ASSIGNMENT: From the listing below, restate word for word the lines from the line containing "Сгъваемият дизайн спестява" down through the line containing "Unsere hochwertige Lacktroll". Exclude pictures.

DATA FOR THIS TASK:

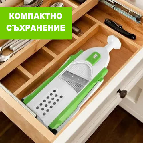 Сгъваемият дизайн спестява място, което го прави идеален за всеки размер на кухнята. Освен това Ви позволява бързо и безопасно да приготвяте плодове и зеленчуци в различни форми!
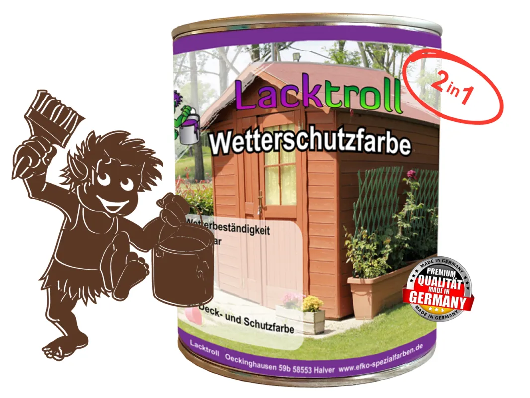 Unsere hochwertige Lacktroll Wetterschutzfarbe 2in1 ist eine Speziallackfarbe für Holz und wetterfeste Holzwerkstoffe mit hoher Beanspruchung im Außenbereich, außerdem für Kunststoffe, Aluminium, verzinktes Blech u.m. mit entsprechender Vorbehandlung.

...

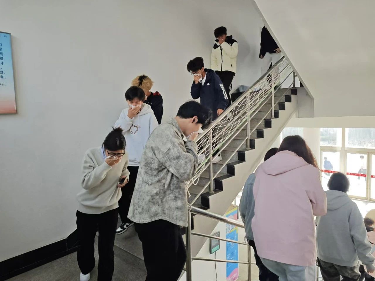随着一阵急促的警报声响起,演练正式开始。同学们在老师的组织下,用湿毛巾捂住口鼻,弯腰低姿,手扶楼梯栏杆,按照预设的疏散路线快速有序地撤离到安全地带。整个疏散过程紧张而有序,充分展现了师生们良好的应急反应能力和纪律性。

RESPONSE TO THE EXERCISE:
 Сгъваемият дизайн спестява място, което го прави идеален за всеки размер на кухнята. Освен това Ви позволява бързо и безопасно да приготвяте плодове и зеленчуци в различни форми!
 Unsere hochwertige Lacktroll Wetterschutzfarbe 2in1 ist eine Speziallackfarbe für Holz und wetterfeste Holzwerkstoffe mit hoher Beanspruchung im Außenbereich, außerdem für Kunststoffe, Aluminium, verzinktes Blech u.m. mit entsprechender Vorbehandlung.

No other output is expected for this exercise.